In the Feb. 1952 issue of The Witness I argued that the Social Security scheme in our country was financially dishonest, would contribute to national bankruptcy, and was an indication of the low moral standards of eighty percent of the people. In the April 1953 issue Mr. Edward F. Hankin published a reply.
Basing my rough estimate on Congressional voting, I had said that eighty percent of the people approve of Social Security. Mr. Hankin thinks he refutes me with "a little simple arithmetic (that) changes the eighty to two." On Aug. 1, 1952, he says, only two percent of the population received Social Security payments. How this shows that the other 78% do not approve of the scheme is hard to understand. Mr. Hankin's simple arithmetic may be unimpeachable, but the same cannot be said for his logic.
Aside from this irrelevant arithmetic Mr. Hankin attempts to reply to my charge of injustice. Social security is dishonest because it penalizes the honest and thrifty and subsidizes the irresponsible. Even in the case of those who pay for part of their benefits, the system is so set up that under certain circumstances they receive less than they paid in, or even may receive nothing. Private insurance and annuity companies, operating on actuarial data, do not cheat their policy holders in any such way. But Mr. Hankin says "necessarily when any new system is put into operation, there are some who receive benefits they have not paid for." This is of course a false statement, and can only be based on ignorance of the insurance business.
Further, this argument seems to me to assume that theft and injustice are legitimate when used to get a system started. The labor unions used this principle to justify their violence, murders, riots, and insurrections in the thirties: they were just putting their new system into operation. This is also the Communists' principle. Massacres are justified because they produce Utopia. What was Paul's remark about those who say, Let us do evil that good may come?
But Mr. Hankin seems embarrassed at Scriptural references, and argues that Paul in II Cor. 12:14 did not mean what he said but inadvertently used a colloquial expression of that day. Paul, we remember, also quoted a Stoic poet, but he did so because the Stoic had told the truth. Nor does Paul's command that parents should lay up riches for their children rather than lay up debts for their children conflict with the duty of children to take care of their parents when through disaster they are left penniless. Maybe New Dealers have recently become conscious of moral obligations toward the aged (though I interpret it more as a grab for power and an attempt to establish socialism), yet Christian have recognized these obligations in all ages. It is not something new as Mr. Hankin says. Mr. Hankin's fallacy consists in inferring from the fact that something should be done, the erroneous conclusion that the government should do it. Apparently he would crush all private enterprise and philanthropy.

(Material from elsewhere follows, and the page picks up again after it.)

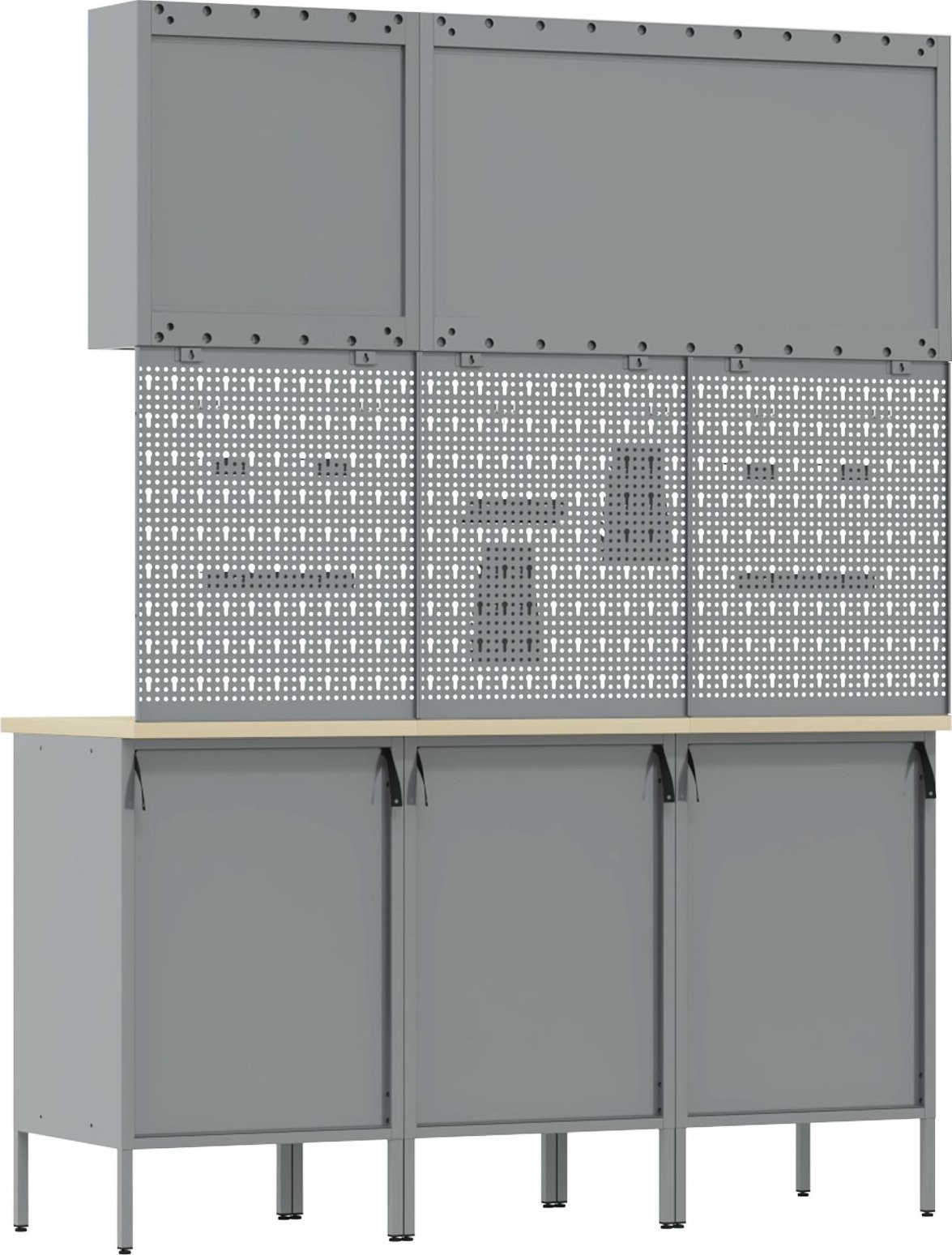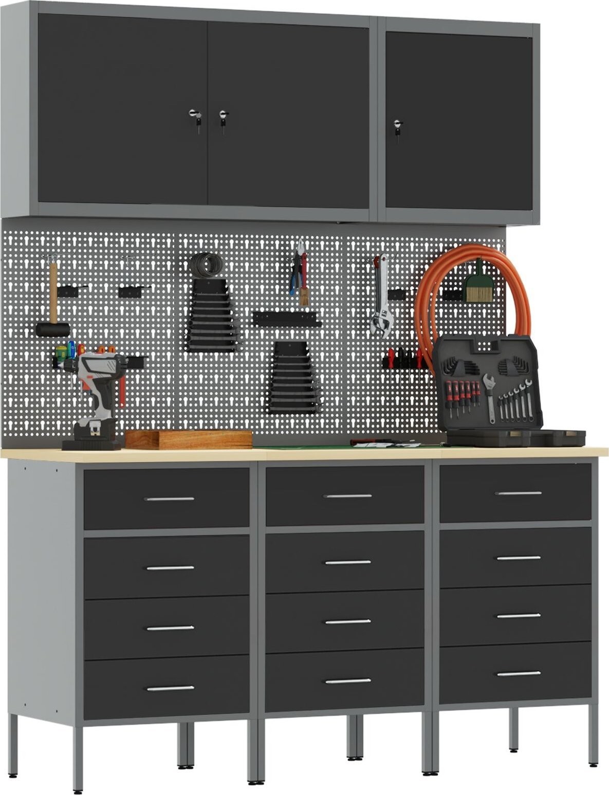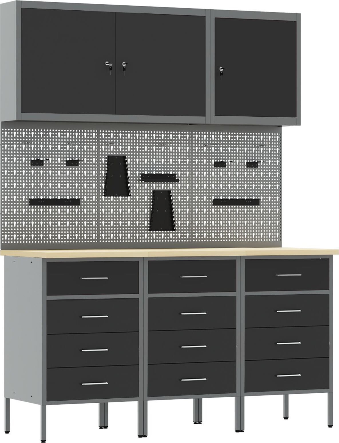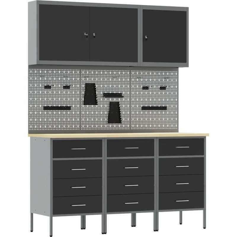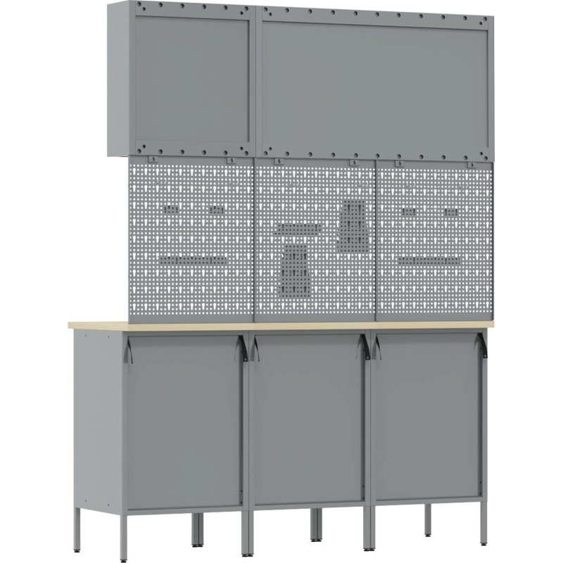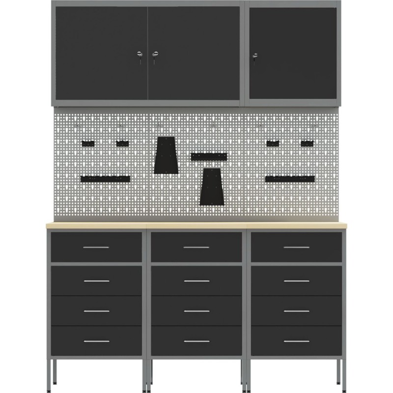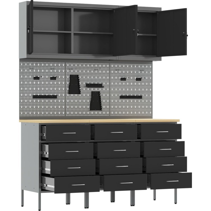 - Der Schrank hat eine maximale Tragkraft von 150 kg, was seine Langlebigkeit und Eignung für die Aufbewahrung sowohl schwerer Werkzeuge als auch kleinerer Zubehörteile unterstreicht.

Mr. Hankin new the beginning of his article complains that if what I said is correct, the United States is in a bad way - as if the certainty that the United States could not possibly be in a bad way refutes my contention. But we surely are in a bad way. For interest readers I recommend, To Comminism Via Majority Vote, by Admiral Ben Moreell; The T. V. A. Idea, by Dean Russell; Economics in One Lesson, by Henry Hazlitt; Planned Chaos, by Ludwig von Mises. And beyond these one can try Spengler, Toynbee, Hayek, Sorokin, and the Bible.